Report From  the 30 th  CT. Storytelling Festival

Report From the 30 th CT. Storytelling Festival

My Report from the
30 th  Connecticut Storytelling Festival and Conference
April 29, 30, May 1, 2011 at Conn. College New London, CT.
         Anticipation hardly covers the feeling of excitement  I feel when my car heads toward New London, CT. I know before long my brain will be swirling in a sea of story. That I will be swept away on a tide of spoken word is the  desire and is always satisfied. This year there was such a richness to the stories that stretched from teary drama to side splitting laughter. Back and forth we  went from one extreme to the other stretching my mind to absorb the images and emotions and music that poured at me. The Friday night concert of stories was so much fun, as was the Saturday morning tribute  concert.
At he lunch break there was a sharing room and I slid in with my plate and settled. I listened to quite a few relaxed and enjoyed the stories finally getting up near the end to share one when a lull had come.  I told a favorite horse story, I have a lot of those. Stories my horse experience helps me with to evoke the feeling of going for the ride, of hearing that mud suction the hooves in rhythmic pattern. My friend Kelly grabbed my camera and caught this picture of me mid story.

I attended the first afternoon concert to see Megan Hicks of Virginia and I loved her Stories from the Homefront. These came from memories of her mother, a young woman in the 1940’s. The performance was brilliant! She shared the stage with Simon Brooks of New Hampshire and formerly of England. Here was a great balance as I laughed so hard at a couple of Simon’s tales, well told and animated.
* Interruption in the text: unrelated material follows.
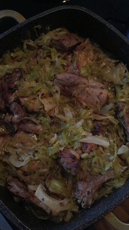 Говядина тушеная в сметана с луком и лисичками, пюре, капуста свежезаквашеная с луком, брусникой и пахучим маслом.
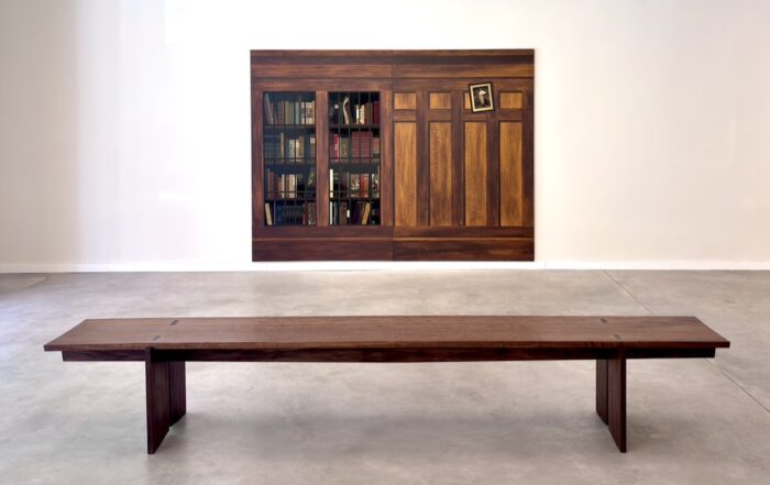 Benedict ‘writes’ with his paintings, presenting us with fragments of an incomplete story that the viewer must reconstruct. It is the narrative drive that motivates him. His graphic, deliberately flat pictorial style supports this idea, with compositions reminiscent of 19^(th)-century illustration or didactic painting. His gouache paintings on wood or paper are conceived as visual stories. In terms of documentation, Benedict works with archives, old photographs, testimonies and elements of American popular iconography, although his approach is far from purely documentary.

Then it was time for afternoon workshops.  I was sharing my new workshop titled; “My Web Presence is Dead and Other Fear Factors” It didn’t take long for people to follow these “digital footprints” up the hall to the room I was in. I had a really nice group participate and we  used our 90 minutes to get an overview of the different social media platforms that can be used to spread the word about storytelling and  promote our websites, work, venues and events. The goal was to give people a layman’s terms explanation and inspire them to try some new things after the workshop. 
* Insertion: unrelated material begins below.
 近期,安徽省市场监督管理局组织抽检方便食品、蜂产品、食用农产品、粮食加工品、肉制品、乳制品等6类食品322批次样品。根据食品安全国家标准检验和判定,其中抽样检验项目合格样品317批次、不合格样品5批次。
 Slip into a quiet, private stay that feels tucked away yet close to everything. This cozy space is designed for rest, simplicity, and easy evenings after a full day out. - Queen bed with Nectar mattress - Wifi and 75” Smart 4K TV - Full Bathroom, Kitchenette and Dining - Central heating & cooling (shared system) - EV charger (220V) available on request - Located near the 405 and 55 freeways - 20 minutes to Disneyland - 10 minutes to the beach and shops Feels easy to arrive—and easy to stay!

We looked at simple websites, FaceBook, Twitter, LinkedIn, Blogs,You-Tube. Up on the screen everyone could see the examples of my pages we discussed content and key words and where to begin. We even had a web grow with in the room to make a visual representation of the World Wide Web and how things are found and move about. Workshop attendees were reminded that if I can do this so can they. I hope they have a little more courage to face the web and know they can always escape or send me an email question.
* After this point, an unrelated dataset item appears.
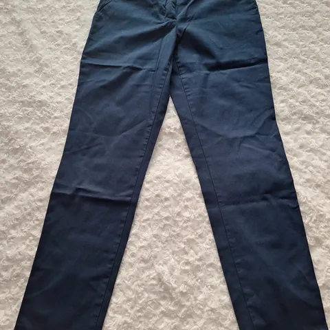 Vajaamittaiset, leveälahkeiset, paksuhkoa twill-kangasta, 100% puuvillaa.
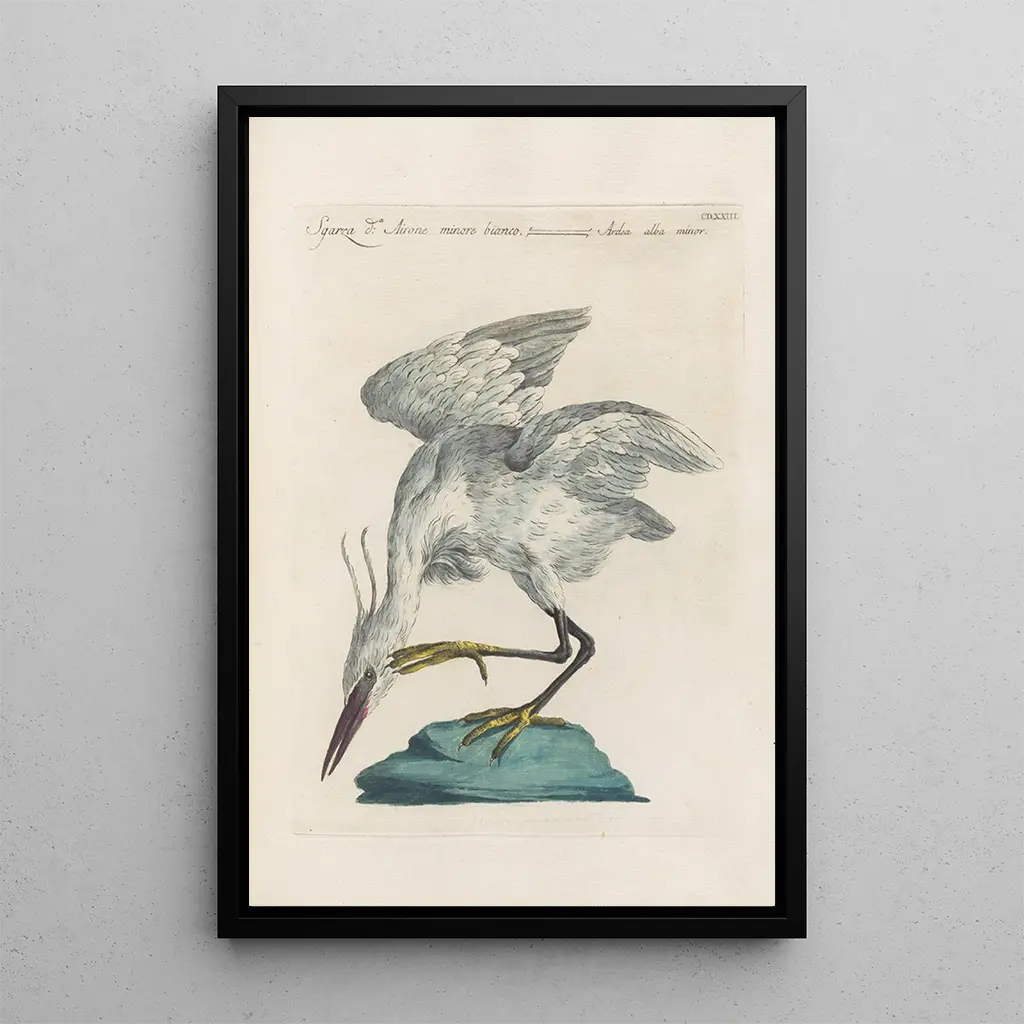 L'œuvre "Ornithologia methodice digesta Pl405" av Saverio Manetti är ett verkligt hyllning till fåglarnas skönhet. Denna konsttryck utmärker sig med sina livfulla färger och sin noggrant utarbetade komposition, där varje detalj framhävs. De delikata fjädrarna och de graciösa poserna hos fåglarna som fångats skapar en atmosfär av lugn och förundran. Den graveringsteknik som används av Manetti gör det möjligt att exakt återge texturen på fjädrarna, vilket skapar en immersiv visuell upplevelse som förflyttar betraktaren till en fascinerande naturlig värld.

Saturday night brought the powerful main concert with Tim Tingle of Oklahoma followed by my Campus Slammer Showcase mic. We had 60 people in the showcase mic room and heard some very fun stories.  The Campus Slammer blog will have a report on that soon at http://www.anansihelps.blogspot.com/  Many thanks to my friend Kelly Trueb who came to all the Campus Slammers and helped out and was there behind the scenes at  the CT. Storytelling Festival working away.
        Sunday morning came and I was tired, but ready for more stories. We began with coffee which is always welcome!  Tim Tingle and Carol Birch shared the stage with a comparative between two tellings of the same story – a very interesting look at  the effects created by how and who delivers a story and the voices that they use to impart a story. There was a long question and answer time that covered a wide range of story details.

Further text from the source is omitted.